Just a quick note, the problem is even worse when using the cluster module.

As disconnect is called in cluster.js it waits til all servers close. When using keep alive connections(e.g.: AWS Load Balancer), this never occurs as although the server socket is closed, keep alive client sockets never are.

This causes our workers to never restart using a cluster process manager like PM2.

My simple solution is to destroy sockets on request finish:

server.on('request', (request, response) => {
	response.on('finish', () => request.socket.destroy());
});

This way, when you call server.close() only real in-progress requests are considered before closing.

The problem with that is that it denies clients the ability to use HTTP keep-alives to minimise latency when requesting multiple resources from your server.

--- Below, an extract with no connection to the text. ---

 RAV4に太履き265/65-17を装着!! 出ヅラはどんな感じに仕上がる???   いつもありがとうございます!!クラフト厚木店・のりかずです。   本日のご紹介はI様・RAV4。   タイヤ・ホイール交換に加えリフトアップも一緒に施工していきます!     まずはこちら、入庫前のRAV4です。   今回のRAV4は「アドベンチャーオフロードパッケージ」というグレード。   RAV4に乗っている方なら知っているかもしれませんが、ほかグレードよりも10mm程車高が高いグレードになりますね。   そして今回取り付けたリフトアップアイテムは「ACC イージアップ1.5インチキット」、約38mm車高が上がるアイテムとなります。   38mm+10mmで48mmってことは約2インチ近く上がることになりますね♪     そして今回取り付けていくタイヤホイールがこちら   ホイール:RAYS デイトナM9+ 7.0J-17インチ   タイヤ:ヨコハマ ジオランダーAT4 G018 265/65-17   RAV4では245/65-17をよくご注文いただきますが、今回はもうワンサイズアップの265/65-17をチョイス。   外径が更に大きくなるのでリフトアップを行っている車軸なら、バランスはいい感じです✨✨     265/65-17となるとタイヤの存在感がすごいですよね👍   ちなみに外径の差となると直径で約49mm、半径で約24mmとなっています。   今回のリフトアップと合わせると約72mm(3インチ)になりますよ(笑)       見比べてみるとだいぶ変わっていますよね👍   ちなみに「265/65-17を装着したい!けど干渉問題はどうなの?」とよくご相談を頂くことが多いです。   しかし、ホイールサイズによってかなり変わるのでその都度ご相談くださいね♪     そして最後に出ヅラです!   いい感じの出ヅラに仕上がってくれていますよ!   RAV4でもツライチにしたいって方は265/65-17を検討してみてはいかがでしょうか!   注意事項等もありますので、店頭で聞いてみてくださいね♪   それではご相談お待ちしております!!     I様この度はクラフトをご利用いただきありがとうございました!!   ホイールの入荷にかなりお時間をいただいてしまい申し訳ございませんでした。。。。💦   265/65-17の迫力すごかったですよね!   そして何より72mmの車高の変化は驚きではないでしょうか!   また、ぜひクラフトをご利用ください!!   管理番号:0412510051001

Actually, it's even worse than that. Because a client issuing an HTTP keep alive request won't be expecting the socket to close, it will go ahead and attempt to use its socket to talk to your server and won't realised until after the TCP timeout that the connection is dead.

I just published a small, simple, heavily tested module to solve this in userland:

const server = stoppable(http.createServer(handler))
server.stop()
  • does the bookkeeping on connection and req/res. There's no way around this.
  • stops accepting new reqs immediately
  • waits for in-flight requests up to a grace period

I'll go ahead and close this out. server.close() is working as documented and as #2642 (comment) demonstrates, it's extensible enough to make it work for different use cases.

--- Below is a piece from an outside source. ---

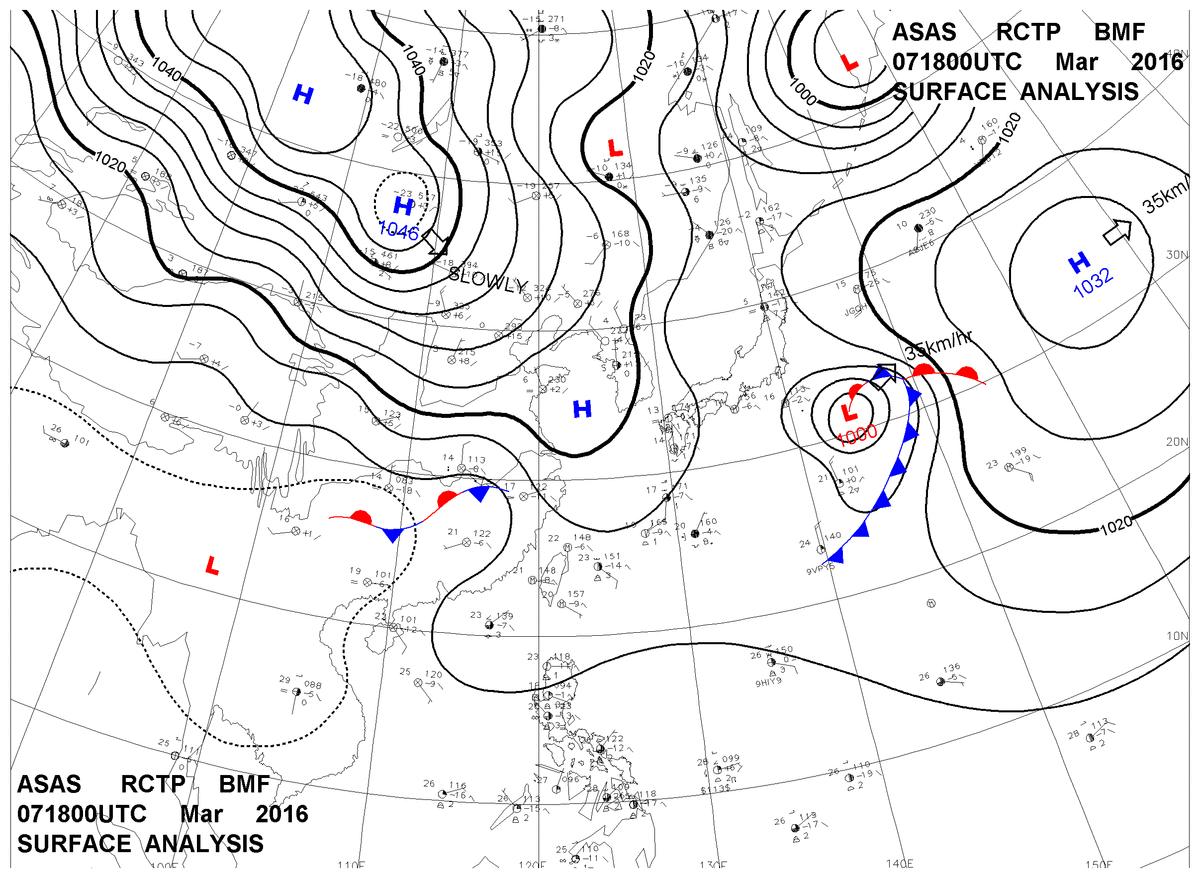 2016/03/07 18z sfcmap 天氣圖

@hunterloftis - That little stoppable module looks great. Excellent motivation documentation, unobtrusive and consistent with current apis, respectful of TCP by sending a FIN packet, love it.

which node release is this behavior fixed in?

@aoberoi
Unfortunately, it is not fixed (some argue that it's working as intended). I would suggest having a look at the excellent stoppable module.

stoppable seems very inactive and not enough for me, also has issues without reply, so I ended with:
https://github.com/LuKks/like-server
Would be great if we can test it more.

This is insane.. Also spent 8 hours trying to understand why a server close would take 5 seconds, well that's because of this because the keepAliveTimeout defaults to 5000

Even server.closeAllConnections(); doesn't force close them, maybe this needs a force argument, otherwise this really shouldn't be a closed issue

@Tofandel Sounds implausible, it basically calls socket.destroy() on all connections it knows about. Please put together a small test case and open a new issue if you're sure that is what's happening.

Consider this module: https://github.com/LuKks/graceful-http

I based the library on this (plus on real usage):
https://blog.dashlane.com/implementing-nodejs-http-graceful-shutdown/
That blog post explains the problem and solution perfectly!

My simple solution is to destroy sockets on request finish:

server.on('request', (request, response) => {
	response.on('finish', () => request.socket.destroy());
});

This way, when you call server.close() only real in-progress requests are considered before closing.

I am on node.js 16.15.0 and by using your suggestion, able to invoke close callback properly

server.close((err) => {
  if (err) {
    console.error(err);
  }
  
  console.info("http server closed successfully. Exiting!");
});

best part is I don't have to use process.exit(0) so other processes continue working and won't cluttered by explicit process.exit

After seeing node still get the basics wrong. I'm glad I left the node world years ago. The fragile castles of sand are real in this realm. Godspeed everyone stuck here.